I ran across a review of the Plutocratic Insurgency Reader in an unusual place. Not in the usual left media outlets, like Jacobin, Dissent or The New Republic as its title would seem to fit, but in Parameters, the quarterly journal of the U.S. Army War College (AWC). This is because the book is not edited by the usual “progessive” activists, but by Robert J. Bunker, adjunct research professor at the AWC Strategic Studies Institute and his wife, Pamela Ligouri Bunker, a specialist in counter-terrorism. And the book is published under the auspices of the Small Wars Journal (SWJ), not known for leaning left.

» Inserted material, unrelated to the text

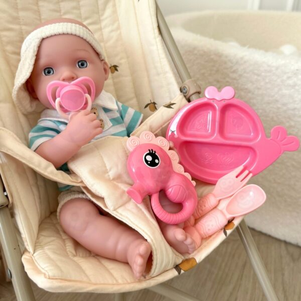 Zestaw Opiekunka to niezwykła zabawka, stworzona z myślą o dzieciach, które pragną wcielać się w role dorosłych. Lalka o długości 30 cm została starannie wykonana z miękkiej gumy, co zapewnia miękkość i przyjemność w dotyku. Jej rączki, nóżki i głowa są obracane, co pozwala na różnorodne pozycje podczas zabawy, a także posiada zdejmowane ubranko, co umożliwia maluchom kreatywne ubieranie i rozbieranie lalki. W zestawie znajdują się wszystkie niezbędne akcesoria do opieki nad lalką. Znajdziesz tu zestaw do karmienia, przewijania oraz zabawy. Na spacery warto zabrać lalkę i plecak z nosidełkiem, co pozwoli dzieciom na jeszcze większą integrację i kreatywność podczas zabawy.

The book collects 31 short essays by 15 authors, six of whom have ties to either the AWC or the SWJ, thus giving a high expectation that national security would be its primary concern. Its self-avowed purpose is to present the core of a scholarly movement that originated in 2012 from correspondence between Robert Bunker and Nils Gilman of the Bergguen Institute concerning how the wealthy “opt out of participation in the collective institutions that make up society.” The Bergguen Institute was founded in the wake of the 2008 financial crisis and Gilman’s interest is apparently reshaping the relationship between globalized capitalism and national sovereignty. As one reads through the essays, there is a tension that undermines the national security side of the discussion in favor of a domestic policy focus on income inequality and a radical desire to transform property rights that leaves the welfare state in the dust. Gilman is not an editor, but I would argue, his is the stronger voice.